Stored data
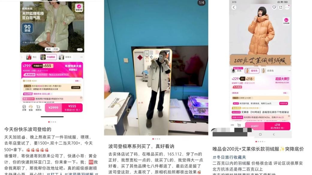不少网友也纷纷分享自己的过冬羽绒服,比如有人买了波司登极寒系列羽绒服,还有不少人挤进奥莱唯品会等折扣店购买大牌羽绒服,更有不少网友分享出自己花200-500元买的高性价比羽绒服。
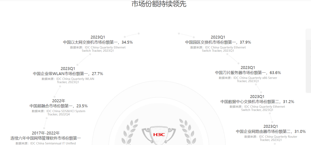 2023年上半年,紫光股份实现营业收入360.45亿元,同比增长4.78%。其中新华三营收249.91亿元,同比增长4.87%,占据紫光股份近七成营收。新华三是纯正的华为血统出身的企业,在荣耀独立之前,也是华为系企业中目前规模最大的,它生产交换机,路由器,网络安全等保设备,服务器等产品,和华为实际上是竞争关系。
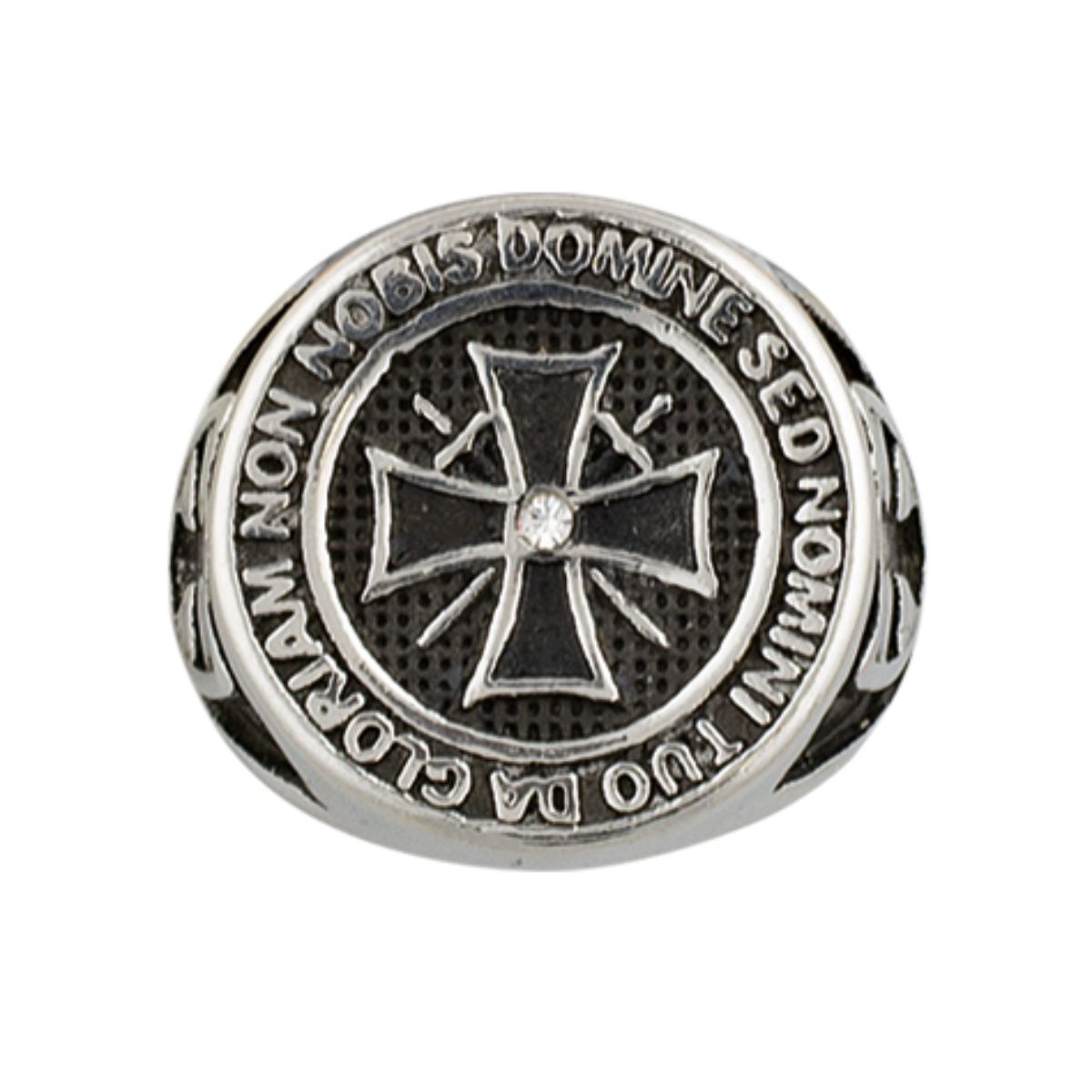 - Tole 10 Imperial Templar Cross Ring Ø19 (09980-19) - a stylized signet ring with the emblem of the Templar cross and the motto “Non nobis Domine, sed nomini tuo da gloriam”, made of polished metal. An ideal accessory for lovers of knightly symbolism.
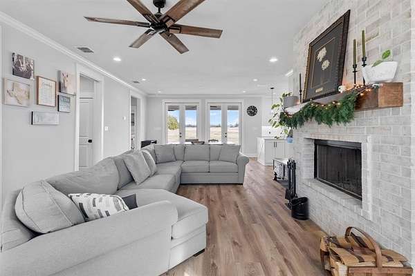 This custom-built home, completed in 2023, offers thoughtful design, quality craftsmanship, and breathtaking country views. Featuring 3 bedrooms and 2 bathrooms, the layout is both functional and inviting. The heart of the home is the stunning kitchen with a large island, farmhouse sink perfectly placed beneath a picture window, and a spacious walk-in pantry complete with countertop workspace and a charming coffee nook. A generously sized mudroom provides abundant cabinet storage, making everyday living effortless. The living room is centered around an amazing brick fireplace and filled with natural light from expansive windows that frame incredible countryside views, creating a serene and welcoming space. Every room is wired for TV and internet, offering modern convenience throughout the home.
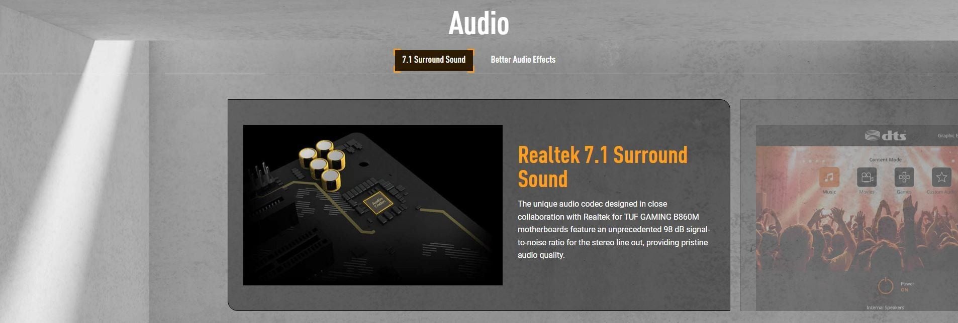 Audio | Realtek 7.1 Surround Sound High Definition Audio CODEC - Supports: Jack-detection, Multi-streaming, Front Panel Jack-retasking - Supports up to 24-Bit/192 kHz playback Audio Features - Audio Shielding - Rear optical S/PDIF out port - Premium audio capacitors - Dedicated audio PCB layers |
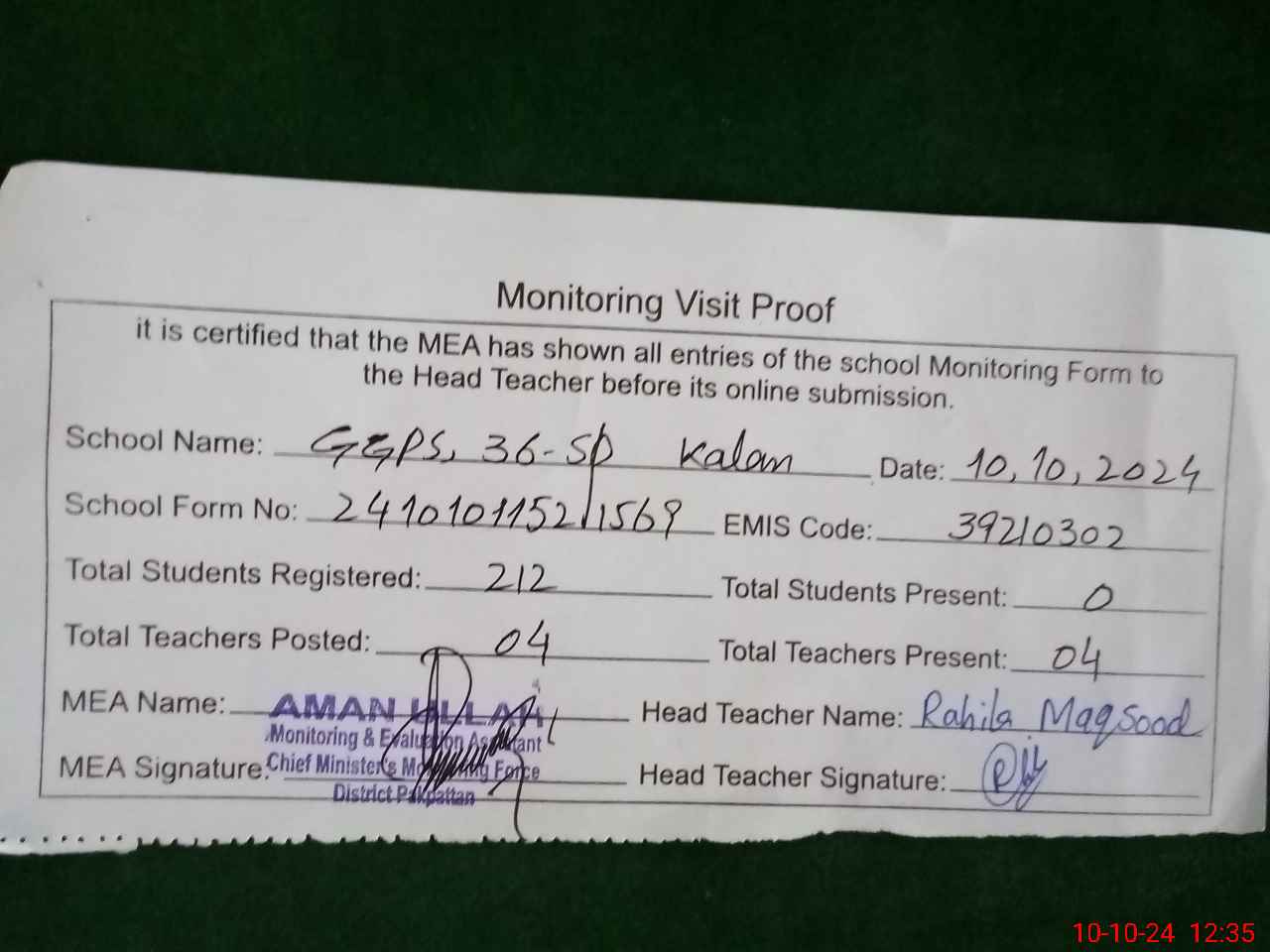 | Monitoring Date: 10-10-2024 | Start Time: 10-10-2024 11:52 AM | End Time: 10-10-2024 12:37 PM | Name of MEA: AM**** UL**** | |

■ INSTRUCTIONS FOR THE TASK:
Could each line of the data be written out exactly, with no pictures included?

■ ANSWER:
不少网友也纷纷分享自己的过冬羽绒服,比如有人买了波司登极寒系列羽绒服,还有不少人挤进奥莱唯品会等折扣店购买大牌羽绒服,更有不少网友分享出自己花200-500元买的高性价比羽绒服。
 2023年上半年,紫光股份实现营业收入360.45亿元,同比增长4.78%。其中新华三营收249.91亿元,同比增长4.87%,占据紫光股份近七成营收。新华三是纯正的华为血统出身的企业,在荣耀独立之前,也是华为系企业中目前规模最大的,它生产交换机,路由器,网络安全等保设备,服务器等产品,和华为实际上是竞争关系。
 - Tole 10 Imperial Templar Cross Ring Ø19 (09980-19) - a stylized signet ring with the emblem of the Templar cross and the motto “Non nobis Domine, sed nomini tuo da gloriam”, made of polished metal. An ideal accessory for lovers of knightly symbolism.
 This custom-built home, completed in 2023, offers thoughtful design, quality craftsmanship, and breathtaking country views. Featuring 3 bedrooms and 2 bathrooms, the layout is both functional and inviting. The heart of the home is the stunning kitchen with a large island, farmhouse sink perfectly placed beneath a picture window, and a spacious walk-in pantry complete with countertop workspace and a charming coffee nook. A generously sized mudroom provides abundant cabinet storage, making everyday living effortless. The living room is centered around an amazing brick fireplace and filled with natural light from expansive windows that frame incredible countryside views, creating a serene and welcoming space. Every room is wired for TV and internet, offering modern convenience throughout the home.
 Audio | Realtek 7.1 Surround Sound High Definition Audio CODEC - Supports: Jack-detection, Multi-streaming, Front Panel Jack-retasking - Supports up to 24-Bit/192 kHz playback Audio Features - Audio Shielding - Rear optical S/PDIF out port - Premium audio capacitors - Dedicated audio PCB layers |
 | Monitoring Date: 10-10-2024 | Start Time: 10-10-2024 11:52 AM | End Time: 10-10-2024 12:37 PM | Name of MEA: AM**** UL**** | |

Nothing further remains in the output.